Note: this project is being restarted after one year of in-action, using the most relevant files I am able to locate. All final code will be adapted to MySQLi.

Versions of this code functioned properly to the best of my knowlege; now, with a new host I am having issues saving data to the db after a connection is made.

I have been researching the potential issue online but would like some advice regarding possible problems/errors regarding this issue before I proceed with editing the files.

Thank you in advance,
Matty

snippet of index.html
`

<?php

function NewUser()
{  
    $userName = $_POST['user'];
    $email = $_POST['email'];
    $password =  $_POST['pass'];
    $countries = $_POST['countries'];
    $state = $_POST ['state'];
    $city =  $_POST['city'];
    $company = $_POST ['company'];
    $manager1 =  $_POST['manager1'];
    $manager2 =  $_POST['manager2'];

    $query = "INSERT INTO X1 Table 1 (userName,email,password,countries,state,city,company,manager1,manager2) VALUES ('$userName','$email','$password','$countries','$state','$city','$company','$manager1','$manager2')";
    $data = mysql_query ($query)or die(mysql_error());
    if($data)
    {
    echo $state
    //echo "YOUR REGISTRATION IS COMPLETED...";
    }
}

function SignUp()
{
    if(!empty($_POST['userName']))   //checking the 'user' name which is from Sign-Up.html, is it empty or have some text
    {
        if ($_POST['equals_val'] != ($_POST['first_val'] + $_POST['second_val'])) {
            echo "CAPTCHA IS NOT CORRECT";
        } else {
            $query = mysql_query("SELECT * FROM X1 WHERE userName = '$_POST[userName]' AND pass = '$_POST[password]'") or die(mysql_error());

            if(!$row = mysql_fetch_array($query) or die(mysql_error()))
            {
                NewUser();
            }
            else
            {
                echo "SORRY...YOU ARE ALREADY REGISTERED USER...";
            }
        }
    }
}
if(isset($_POST['submit']))
{
    SignUp();
}
if (isset($_POST['type'])) {
    if ($_POST['type'] == "login") 

}
?>
Inline Code Example Here

`

connect.php
`

<?php

$serverName = "localhost";
$userName = "*****";
$password = "**********"; 
$dbName = "******";

// Create connection
$conn = new mysqli($serverName, $userName, $password, $dbName); 

// Check connection
if ($conn->connect_error) {
    die("Connection failed: " . $conn->connect_error);
}

// Prepare and bind

    $userName = $_POST['user'];
    $email = $_POST['email'];
    $password =  $_POST['pass'];
    $countries = $_POST ['countries'];
    $state = $_POST ['state'];
    $city =  $_POST['city'];
    $company = $_POST ['company'];
    $manager1 = $_POST ['manager1'];
    $manager2 = $_POST ['manager2'];

    echo "Thank you for registering - New records created successfully!"; 

?>

`

Update:

Now that I am again looking at other versions of the code, I notice some major issues; there are obviously some elements missing in the code I originally posted here and am using. So, please forgive this oversight. It's embarrasing.

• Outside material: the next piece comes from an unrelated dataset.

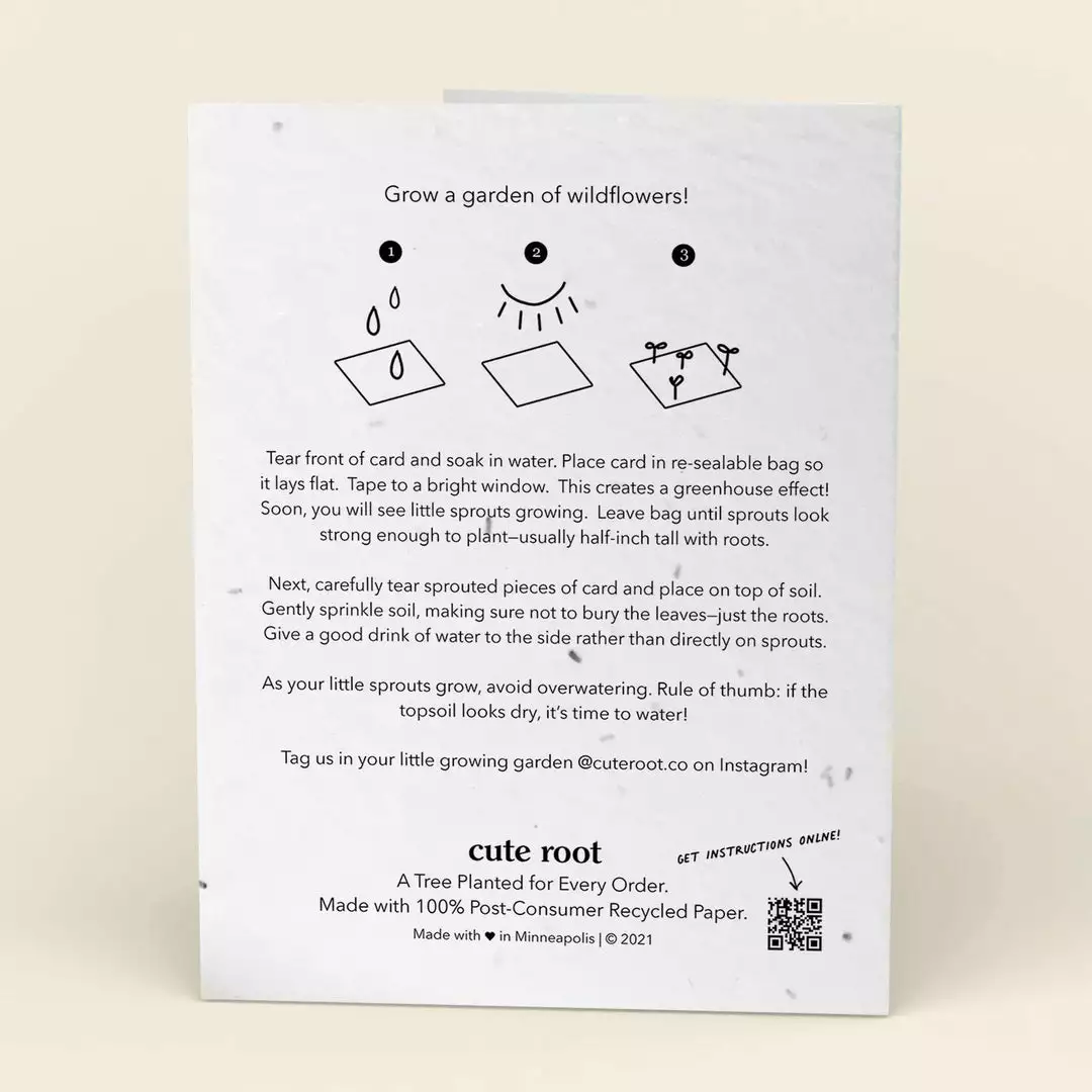 Whether it’s a special occasion or just because, these plantable cards will light up your loved one’s day. Your meaningful words will grow a garden of wildflowers. Printed to order to reduce waste. Cards contain a non-invasive wildflower seed mix that grows Alyssum, Catchfly, Siberian Wallflower, Black-Eyed Susan, and Baby Blue Eyes.

This is another result of dealing with multiple versions; one year ago (when shutting this project down, I thought that I was very thorough about backing up all code for future use) Now, I see I was not thorough enough. I had the feeling this would happen.

I am going to edit my code now and will repost with further questions if necessary .

Thanks!

Update:

Upon adjusting the connect.php file, and testing it, I receive the following response:

Access denied for user '#####'@'localhost' (using password: NO)

The code I added was:

`

 $query = "INSERT INTO ######  (userName,email,password,countries,state,city,company,manager1,manager2) 
    VALUES ('$userName','$email','$password','$countries','$state','$city','$company','$manager1','$manager2')";

    $data = mysql_query ($query)or die(mysql_error());
    if($data)
    {
    echo "YOUR REGISTRATION IS COMPLETED...";
    }Inline Code Example Here

`

I am not sure why I am getting this error message. I have a password set and have never seen this before.

How could adding that snippet of code cause this?

Member Avatar

diafol

You seem to be mixing mysqli and mysql. Stick to mysqli. They aren.t the same thing.